■ **Activity**
From the records below, output exactly the lines running from the line containing "Seller's Notes:A stylish" through the line containing "These tweets are", and no others.

■ **Data supplied**

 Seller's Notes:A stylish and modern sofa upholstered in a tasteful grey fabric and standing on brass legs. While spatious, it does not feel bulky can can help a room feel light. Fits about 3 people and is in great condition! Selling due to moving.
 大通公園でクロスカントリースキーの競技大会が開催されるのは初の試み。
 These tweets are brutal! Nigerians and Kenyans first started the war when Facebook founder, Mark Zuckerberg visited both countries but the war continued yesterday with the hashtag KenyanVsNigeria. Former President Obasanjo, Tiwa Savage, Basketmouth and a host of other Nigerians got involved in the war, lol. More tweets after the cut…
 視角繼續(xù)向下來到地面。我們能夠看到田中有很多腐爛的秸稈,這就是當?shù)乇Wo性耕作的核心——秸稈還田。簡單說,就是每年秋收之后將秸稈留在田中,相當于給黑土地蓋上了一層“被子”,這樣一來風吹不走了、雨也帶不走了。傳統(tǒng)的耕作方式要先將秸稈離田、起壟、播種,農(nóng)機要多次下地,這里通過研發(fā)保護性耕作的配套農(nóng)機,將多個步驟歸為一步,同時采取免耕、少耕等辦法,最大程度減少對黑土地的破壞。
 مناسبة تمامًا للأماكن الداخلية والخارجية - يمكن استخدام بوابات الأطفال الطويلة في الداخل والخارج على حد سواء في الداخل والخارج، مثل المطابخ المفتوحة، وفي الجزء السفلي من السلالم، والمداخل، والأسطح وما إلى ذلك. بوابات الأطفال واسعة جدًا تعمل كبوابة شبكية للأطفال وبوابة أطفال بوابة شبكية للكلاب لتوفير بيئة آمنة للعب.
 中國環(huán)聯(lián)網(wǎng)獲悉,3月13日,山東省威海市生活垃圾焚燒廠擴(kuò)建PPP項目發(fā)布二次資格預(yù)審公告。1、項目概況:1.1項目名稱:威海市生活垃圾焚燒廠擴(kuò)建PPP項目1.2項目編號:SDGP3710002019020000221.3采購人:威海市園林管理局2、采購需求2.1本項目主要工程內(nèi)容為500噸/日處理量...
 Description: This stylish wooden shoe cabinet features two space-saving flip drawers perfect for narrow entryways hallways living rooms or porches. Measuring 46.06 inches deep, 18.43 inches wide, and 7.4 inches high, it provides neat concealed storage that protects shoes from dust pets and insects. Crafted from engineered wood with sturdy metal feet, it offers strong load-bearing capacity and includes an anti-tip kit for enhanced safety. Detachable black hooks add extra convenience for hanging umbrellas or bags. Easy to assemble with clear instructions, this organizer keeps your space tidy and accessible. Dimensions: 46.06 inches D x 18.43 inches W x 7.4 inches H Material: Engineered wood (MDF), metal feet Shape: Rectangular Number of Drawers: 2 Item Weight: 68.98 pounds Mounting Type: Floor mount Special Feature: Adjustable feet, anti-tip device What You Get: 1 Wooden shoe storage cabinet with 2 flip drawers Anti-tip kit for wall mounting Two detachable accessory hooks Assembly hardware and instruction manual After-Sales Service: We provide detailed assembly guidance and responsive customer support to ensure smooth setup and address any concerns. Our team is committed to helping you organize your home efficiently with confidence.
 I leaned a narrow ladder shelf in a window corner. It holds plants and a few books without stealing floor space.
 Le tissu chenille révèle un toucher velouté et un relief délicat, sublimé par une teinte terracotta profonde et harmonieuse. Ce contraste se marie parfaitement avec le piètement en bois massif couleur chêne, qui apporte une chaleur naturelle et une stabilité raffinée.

--

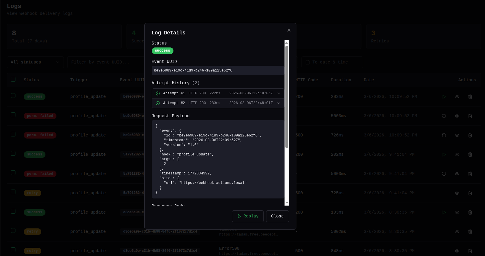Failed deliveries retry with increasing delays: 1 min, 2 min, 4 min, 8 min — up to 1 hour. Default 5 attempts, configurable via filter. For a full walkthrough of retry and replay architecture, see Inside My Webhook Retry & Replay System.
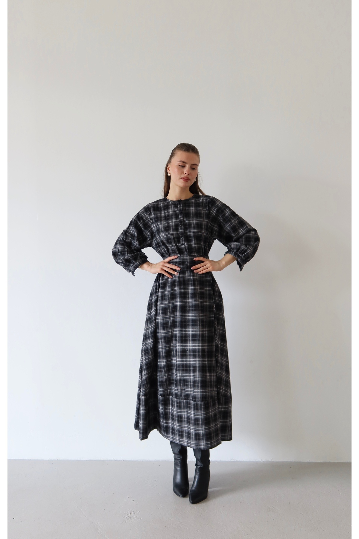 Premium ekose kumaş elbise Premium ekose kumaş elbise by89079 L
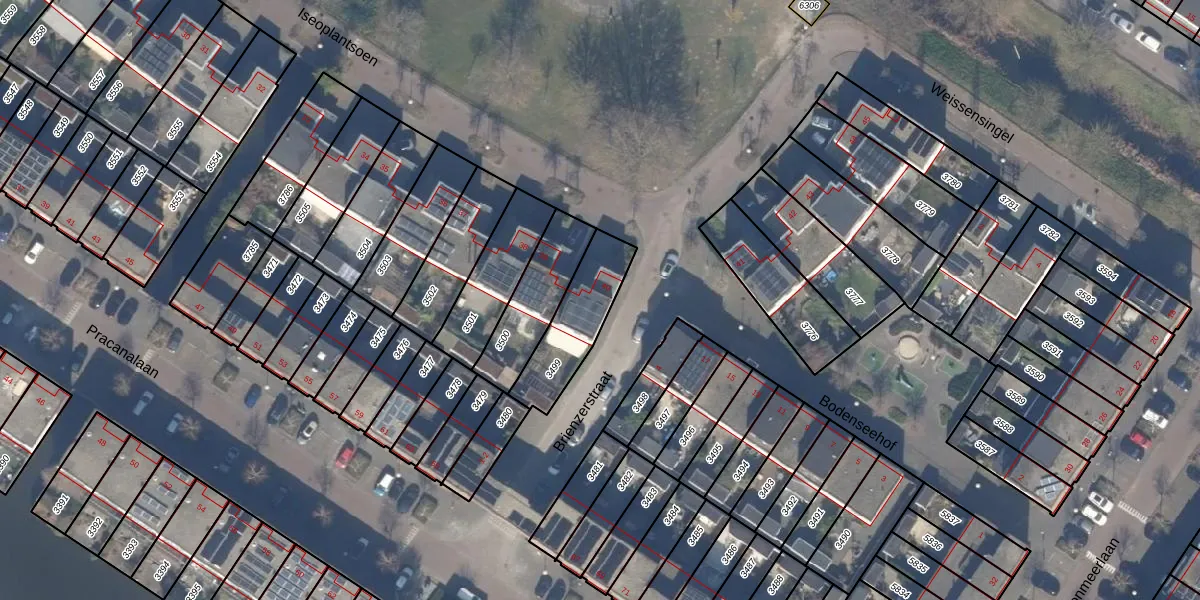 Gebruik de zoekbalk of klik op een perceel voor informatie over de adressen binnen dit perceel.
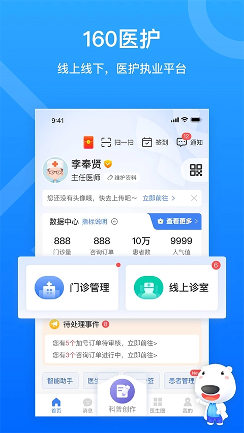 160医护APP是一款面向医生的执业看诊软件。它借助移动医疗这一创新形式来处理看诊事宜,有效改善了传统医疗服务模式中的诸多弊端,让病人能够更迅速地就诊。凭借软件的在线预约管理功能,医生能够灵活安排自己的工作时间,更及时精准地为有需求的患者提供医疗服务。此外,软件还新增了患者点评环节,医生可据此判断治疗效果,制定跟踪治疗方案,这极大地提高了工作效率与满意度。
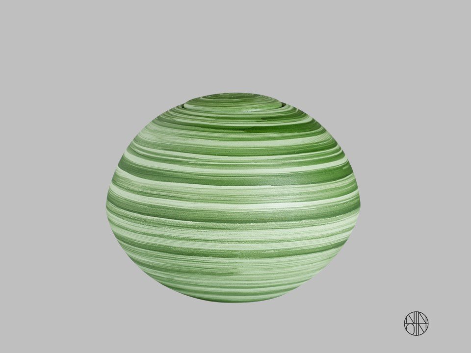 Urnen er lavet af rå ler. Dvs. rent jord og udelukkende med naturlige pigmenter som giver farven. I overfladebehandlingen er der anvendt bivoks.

■ **Exercise output**
 Seller's Notes:A stylish and modern sofa upholstered in a tasteful grey fabric and standing on brass legs. While spatious, it does not feel bulky can can help a room feel light. Fits about 3 people and is in great condition! Selling due to moving.
 大通公園でクロスカントリースキーの競技大会が開催されるのは初の試み。
 These tweets are brutal! Nigerians and Kenyans first started the war when Facebook founder, Mark Zuckerberg visited both countries but the war continued yesterday with the hashtag KenyanVsNigeria. Former President Obasanjo, Tiwa Savage, Basketmouth and a host of other Nigerians got involved in the war, lol. More tweets after the cut…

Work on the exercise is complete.